25th November 2020
Recent news on helium shortage 3.0 indicates a return to stability for helium supplies. But does stability in helium resources mean a stability in helium gas cost? In this Lab Gas Price Bulletin, we explore recent reports on helium gas supply and cost, as well as the outlook on nitrogen and hydrogen prices.
Lab Gas Price Bulletin November 2020
With the Covid-19 outbreak and subsequent social distancing measures in place, the demand for party balloons plummeted in March 2020, freeing up helium more reserves. Reports suggest that the Covid-19 pandemic effectively ended the shortage, and that a worldwide demand increase of 3.5% will follow, given the ample availability of supply, with the biggest growth forecasted in China. When discussing the surplus in availability, helium expert, Phil Kornbluth, said, “When there’s a shortage, prices go up, when there’s an oversupply prices tend to go down, so I would expect prices to soften if there’s an oversupply. We are at a pricing plateau and that could last for a while.”
However, despite helium shortage 3.0 winding down and laboratories regaining access to the supply they need, helium gas costs appear to be on the rise in some places. Talking to Physics Today, Alexander Blumenfeld, analytical instrumentation supervisor at the University of Idaho, said his lab’s helium costs have doubled since last year and is now paying 35 USD per liter. Similarly, Joseph Dumais, chemist at Boise State University in Idaho, said two of his suppliers quoted him 3800 USD for 100 liters of liquid helium. More recently, in a podcast published by Chemical & Engineering News, Martha Morton, research associate professor at the University of Nebraska–Lincoln, said, “There is a helium oversupply, actually, at the moment. But the prices aren’t elastic. The prices have not come down.”
What is more, in September, Air Products announced it will increase gas prices for liquid nitrogen up to 15% in North America, as of 1st October 2020. Air Products said prices will also increase for liquid oxygen (up to 15%), liquid carbon dioxide (up to 15%), along with its monthly service charge (up to 20%). Helium, hydrogen and argon prices will also be increased, but the prices are yet to be determined, being dependent on the supply and demand situation.

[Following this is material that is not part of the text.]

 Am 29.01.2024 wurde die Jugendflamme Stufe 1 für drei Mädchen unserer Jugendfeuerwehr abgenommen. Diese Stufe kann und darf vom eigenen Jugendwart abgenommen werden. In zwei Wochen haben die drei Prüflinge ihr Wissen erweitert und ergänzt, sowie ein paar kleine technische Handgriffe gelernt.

Using an On-site Gas Generator for your Lab
The gas price increase by Air Products is considerable, and the uncertainty behind hydrogen and helium gas prices is worrying for labs who require a reliable gas supply to run their analysis. In a time of an unstable climate for gas prices, more and more laboratories are switching to an on-site gas generator, for a more dependable and cost-effective gas supply solution. Unlike cylinders which need to be ordered and installed, following a one-time installation, a gas generator will produce consistent purity of gas to meet instrument need, enabling labs to take full control of their gas production, without having to rely on third party contracts for their supply.

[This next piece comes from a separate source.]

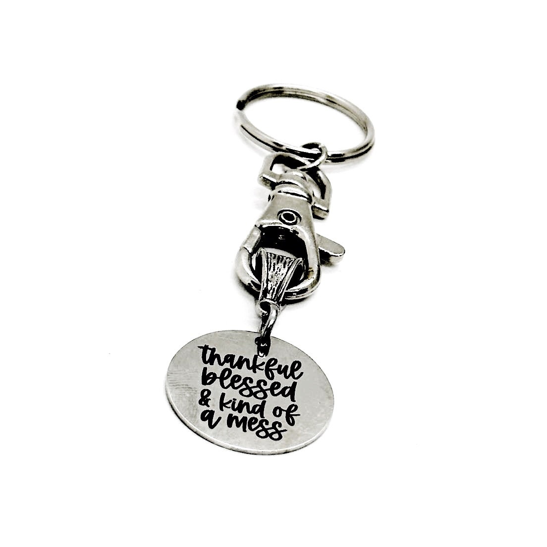 This keychain would make a a great gift. It has a stainless steel laser engraved charm with “thankful blessed and kind of a mess” on it. The charm measures approx. 1 inch across.

Laboratories saving on cylinder contract costs are also improving their overall carbon footprint. Compressed gas requires energy-intensive processes for storage. On top of that, compressed gas deliveries require regular transportation from production site to customer location. Once a gas generator is installed in your facility, it will stay there, eliminating the need for repeated deliveries whilst also eliminating the negative impact these would have on our environment.

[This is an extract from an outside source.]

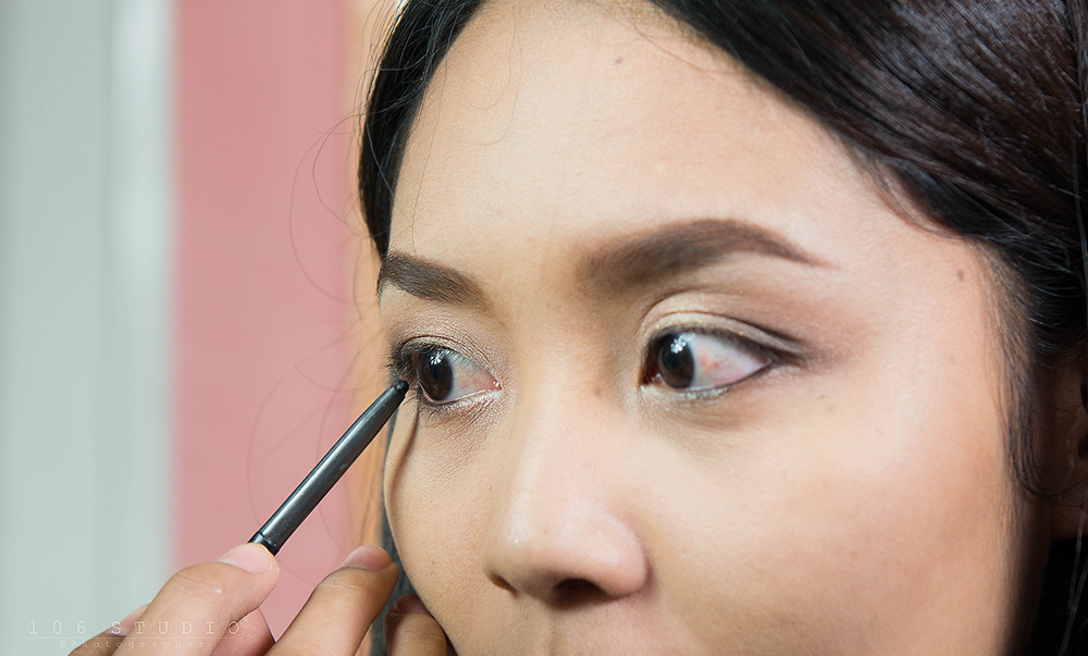 - เขียนขอบตาทั้งด้านบนและด้านล่างโดยเขียนให้ชิดเส้นขนตามากที่สุดด้วย Cosluxe Auto Pencil Eyeliner สีดำ (อันนี้ใช้ดีมากกกก จริงๆค่ะ ไม่หลุดไม่แพนด้า แนะนำให้ไปตำกันแล้วจะติดใจ)

Operating with an on-site gas generator during these challenging times is also a safety consideration. Labs using a gas generator are able to limit contact to their members of staff only, thereby decreasing risks of contact transmission. Additionally, staff will no longer be required to move heavy pressurized gas cylinders, removing the need for health and safety training, as well as safety hazard concerns over the potential explosive risks of gas cylinders or dewars.
Although sources suggest the coronavirus pandemic has ended helium shortage 3.0, helium remains a nonrenewable resource. Fortunately, for the gas chromatography community, a hydrogen gas generator is a viable alternative which can help conserve the finite gas. The increase in gas prices by Air Products adds to the uncertainty of future gas costs. With an on-site gas generator, analytical laboratories can mitigate concerns over the fluctuating bulk gas supply chain, gaining independence and control over their own gas production and costs.